Thursday, May 5, 2011

Summary: From OpenGL and NITE to OpenNI

When we first began this project, we knew nothing about the Kinect.  So, to get started, we followed the instructions on this website to configure our computers to take in data from the Kinect, and render it into a visual representation.  This visual representation relied on OpenGL, GLUT, and NITE.  It gave us pretty pictures (like you saw in our earlier posts) that would show the environment, as well as draw a skeleton on individuals.  This was great, and we thought it was exactly what we needed.  We were able to modify this code so that when the individual was recognized, the code would print the x,y, and z coordinates of the center of mass of each person that the program was tracking (as seen again below).



Again, this was perfect, and we thought our project was almost done before it even started.  Then, we tried to put everything on to the BeagleBoard.

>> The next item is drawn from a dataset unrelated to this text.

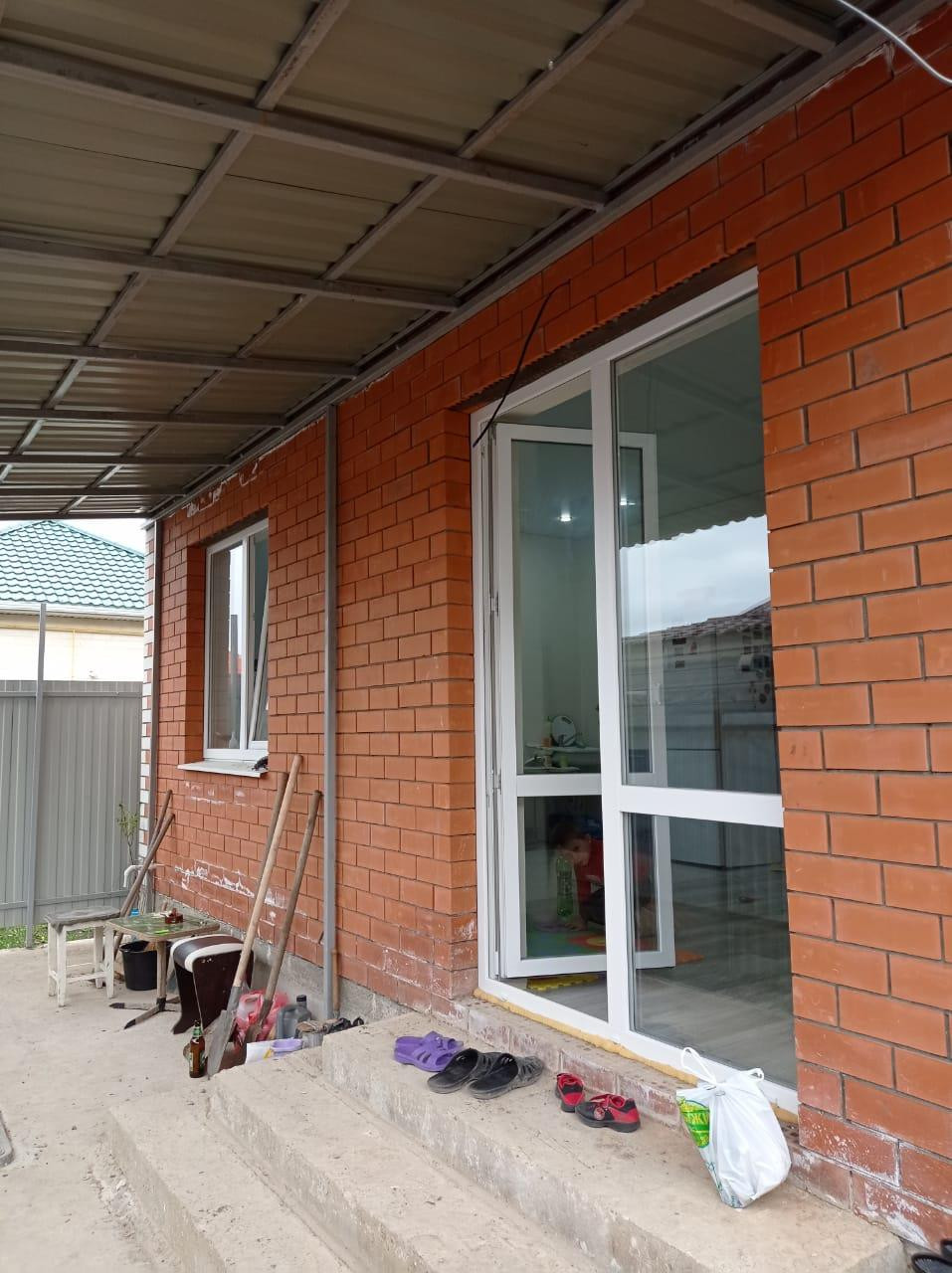 Над входом со стороны кухни оборудован навес на всю ширину дома, где расположилась зона барбекю. Во дворе отлита дорожка с парковочными местами под 2-3 машины. Ворота откатные.

Well, to make a long story short, the program that used OpenGL, GLUT, and NITE wouldn't work on the BeagleBoard.  The first problem was that when the program ran, OpenGL had to open a new window (in other words, you would run the program from the terminal, and then another window would open).  It was in this window that it would do all the image rendering, and create the visual representation of what the Kinect was seeing (in the above image, the terminal is on the left with the x, y, and z coordinates, and the new image rendering window is on the right).  Now, the BeagleBoard, when running Ubuntu, is basically a headless terminal.  This means that you can only open terminal windows on it.  You can't open any other type of window.  Thus, if you tried to run the code, it would crash the BeagleBoard.  So, we figured we would just need to change the code so that the extra window wouldn't open.  We used the divide and conquer technique here.  Tim worked on modifying the code so that OpenGL wouldn't open that new window, and Matt worked on configuring NITE to run on the BeagleBoard.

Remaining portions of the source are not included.